Are AI agent skills the new npm security problem?

Software supply chain attacks are not new. The JavaScript ecosystem has dealt with typosquatted npm packages for years. Python’s PyPI has seen credential-stealing packages disguised as popular libraries. The pattern is well understood: an attacker publishes a malicious package with a name similar to a trusted one, developers install it without verifying, and the attacker gains access to their environment.

AI agent skills follow the same pattern, but the consequences are far more severe. An npm package typically runs during a build step or inside a sandboxed application. A malicious AI skill runs inside an agent that has access to your personal data, your API keys, your communication channels, and the ability to take autonomous actions on your behalf. When a compromised npm package steals credentials, the blast radius is your CI/CD pipeline.

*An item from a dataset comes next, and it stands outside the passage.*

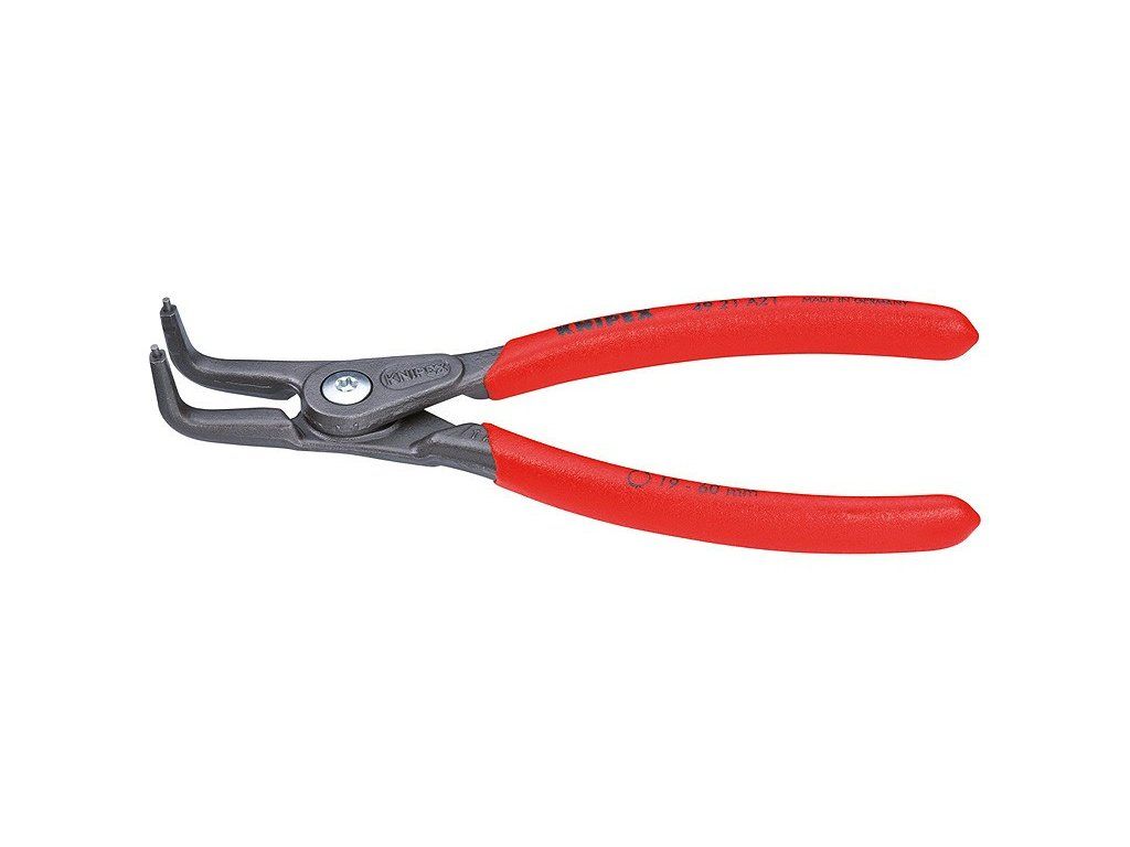 Vnější zahnuté kleště na pojistné kroužky. Zahnuté o 90°. Délka 305 mm. Rukojeť potažena plastem a stabilní hroty zabraňují sesmeknutí.

When a compromised AI skill steals credentials, the blast radius is your entire digital life.

This is not a theoretical concern. The data from the past several weeks paints a clear picture: the OpenClaw skills ecosystem is under active attack, and most users have no way to tell the difference between a legitimate skill and a malicious one.

341 malicious skills on ClawHub

In January 2026, Koi Security published an audit of ClawHub, the primary registry for OpenClaw skills. Out of 2,857 skills analyzed, 341 were flagged as malicious. That is nearly 12% of the entire registry.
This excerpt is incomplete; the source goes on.